JingyunLiang / RVRT

Recurrent Video Restoration Transformer with Guided Deformable Attention (NeurlPS2022, official repository)
https://arxiv.org/abs/2206.02146
Other
354 stars 33 forks source link

A question about candidates in GDA #1

Closed mrluin closed 2 years ago

mrluin commented 2 years ago

Hello,

Thanks for your great work!

I have a question about candidates of GDA. I think candidates=9 means one position in Q should calculate correlation with 9 positions in K and V like what illustrated in Figure 3. Does it means the dimension of K/V should expand 9 times?

Looking forward to your reply, thanks!

JingyunLiang commented 2 years ago

Thanks for your question. It means K/V should be sampled for 9 times.

mrluin commented 2 years ago

Thanks for your quick reply. Sampling 9 times on K/V and performing 9 times attention for each Q, and then aggregation, right? Does it comsumes too much GPU memory?

JingyunLiang commented 2 years ago

The attention is used for aggregation.

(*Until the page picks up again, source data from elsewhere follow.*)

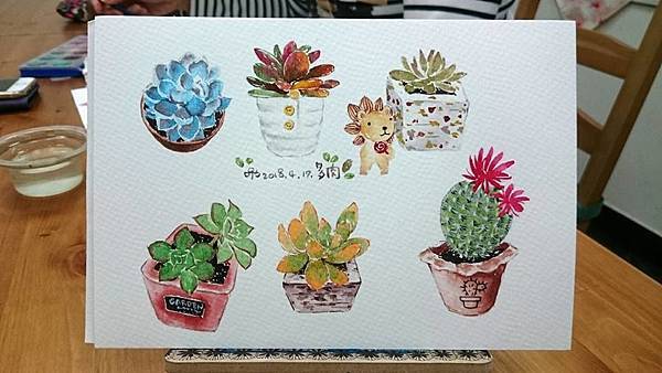 多肉水彩(初階)「原則上一堂課,完成一張畫」 (視構圖複雜程度調整)招生對象:無基礎者。上課方式:選擇以多肉植物為主的圖片做教學(一期共四堂)透過四堂課來學習植物構圖、淡彩色調調色,畫出清新淡彩風。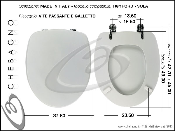 IMPORTANTE: Prima dell'acquisto controllare la corrispondenza delle misure della scheda tecnica con il sanitario.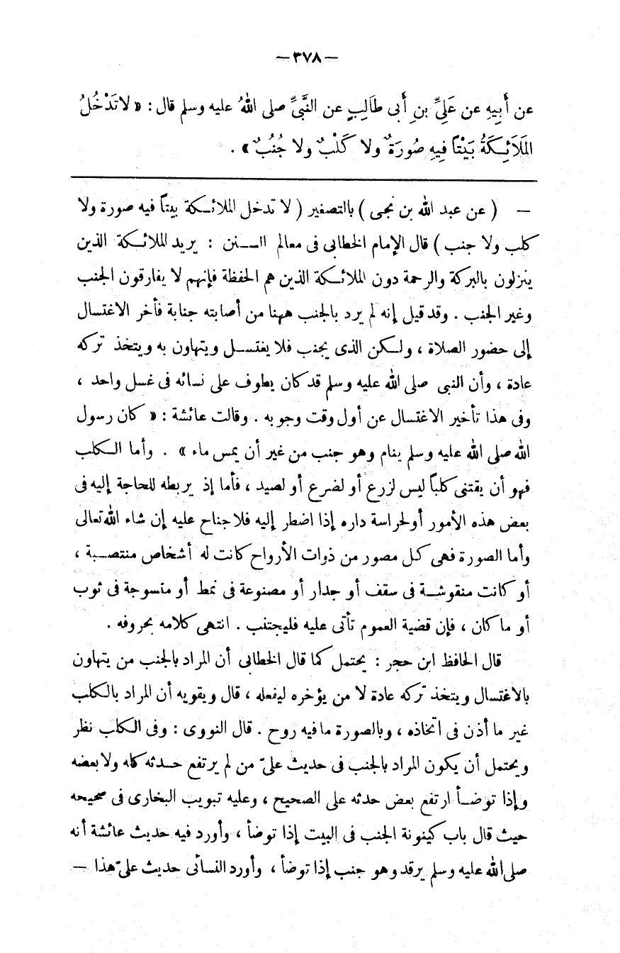قَالَ الْحَافِظ اِبْن حَجَر : يَحْتَمِل كَمَا قَالَ الْخَطَّابِيُّ أَنَّ الْمُرَاد بِالْجُنُبِ مَنْ يَتَهَاوَن بِالِاغْتِسَالِ وَيَتَّخِذ تَرْكه عَادَة لَا مَنْ يُؤَخِّرهُ لِيَفْعَلهُ ، قَالَ وَيُقَوِّيه أَنَّ الْمُرَاد بِالْكَلْبِ غَيْر مَا أُذِنَ فِي اِتِّخَاذه ، وَبِالصُّورَةِ مَا فِيهِ رُوح . قَالَ النَّوَوِيّ : وَفِي الْكَلْب نَظَر وَيَحْتَمِل أَنْ يَكُون الْمُرَاد بِالْجُنُبِ فِي حَدِيث عَلِيّ مَنْ لَمْ يَرْتَفِع حَدَثه كُلّه وَلَا بَعْضه وَإِذَا تَوَضَّأَ اِرْتَفَعَ بَعْض حَدَثه عَلَى الصَّحِيح ، وَعَلَيْهِ تَبْوِيب الْبُخَارِيّ فِي صَحِيحه حَيْثُ قَالَ بَاب كَيْنُونَة الْجُنُب فِي الْبَيْت إِذَا تَوَضَّأَ ، وَأَوْرَدَ فِيهِ حَدِيث عَائِشَة أَنَّهُ صَلَّى اللَّه عَلَيْهِ وَسَلَّمَ يَرْقُد وَهُوَ جُنُب إِذَا تَوَضَّأَ ، وَأَوْرَدَ النَّسَائِيُّ حَدِيث عَلِيّ هَذَا @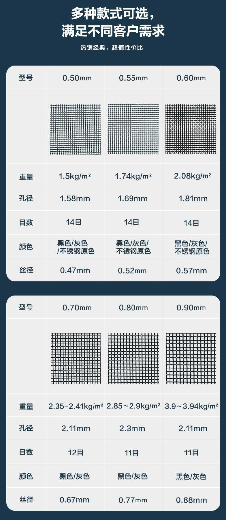 Weft wire diameter 緯線絲徑:0.88mm +0.03/-0.03mm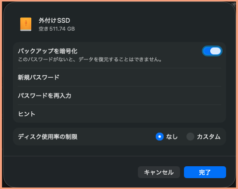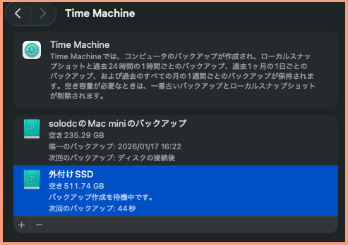 初めての【Mac mini M4】バックアップ「 Time Machine」(標準・自動バックアップ)を利用する

We wrote it with cuda, so the memory is controllable.

mrluin commented 2 years ago

Sorry for another question under the closed issue.

In ablation study, I notice that you give comparisons on different alignment methods, the improvement of GDA* is about 0.07db compared with DCN. And commonly, flow-guided deformable convolution is more stable and with better performance than DCN, so how about the performance if conducting attention on K/V which are aligned by flow-guided deformable convolution?

Thanks in advance.

JingyunLiang commented 2 years ago

I haven't trained that yet, but it looks too complex (not elegant) if we stack them together.